• _Exercise prompt_:
Reproduction of part of the material below, pictures omitted: copy exactly, and only, the lines starting with the one with "Mặc dù chưa" and going on through the one with "Make sure you".

• _Records_:
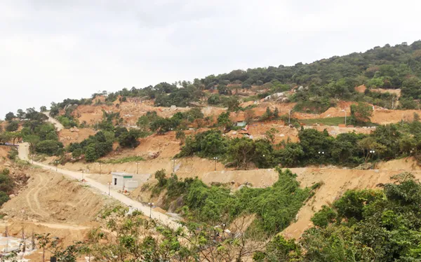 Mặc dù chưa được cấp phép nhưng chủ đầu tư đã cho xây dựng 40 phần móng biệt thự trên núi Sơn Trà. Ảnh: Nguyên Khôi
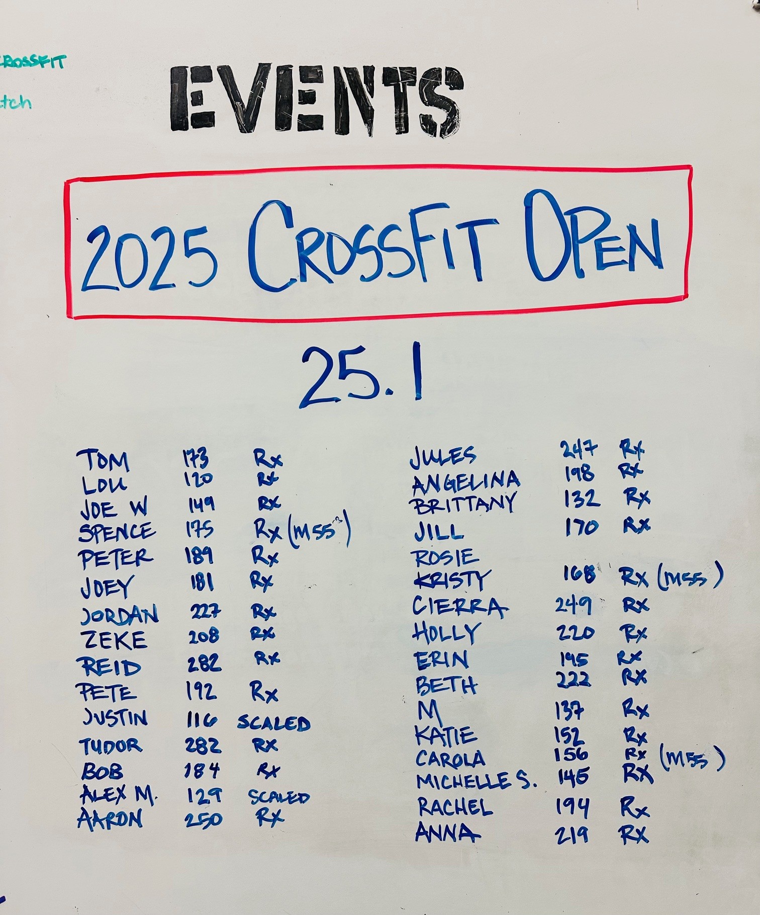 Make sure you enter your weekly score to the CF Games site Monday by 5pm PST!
==
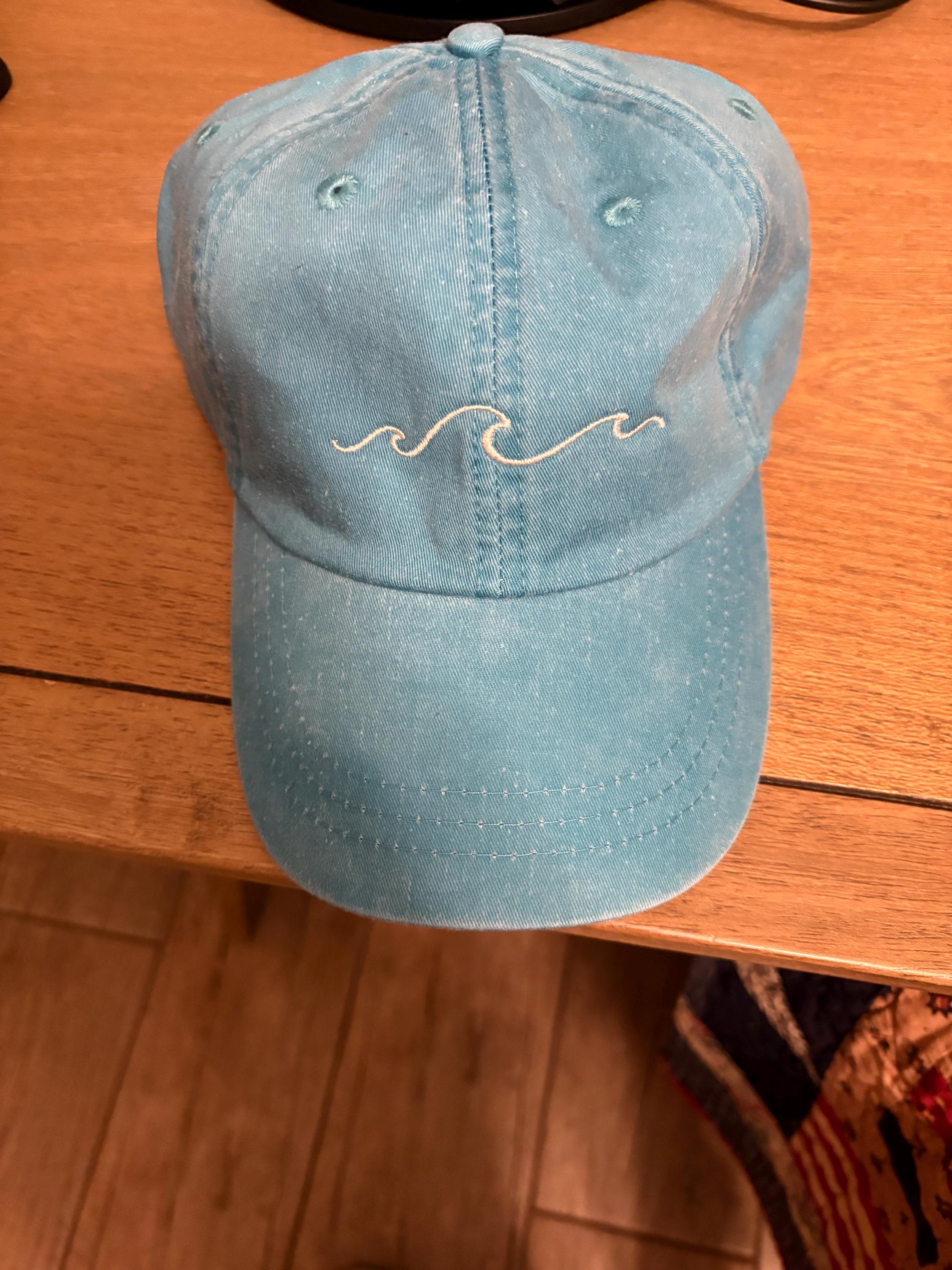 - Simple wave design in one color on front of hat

• _Expected output_:
 Mặc dù chưa được cấp phép nhưng chủ đầu tư đã cho xây dựng 40 phần móng biệt thự trên núi Sơn Trà. Ảnh: Nguyên Khôi
 Make sure you enter your weekly score to the CF Games site Monday by 5pm PST!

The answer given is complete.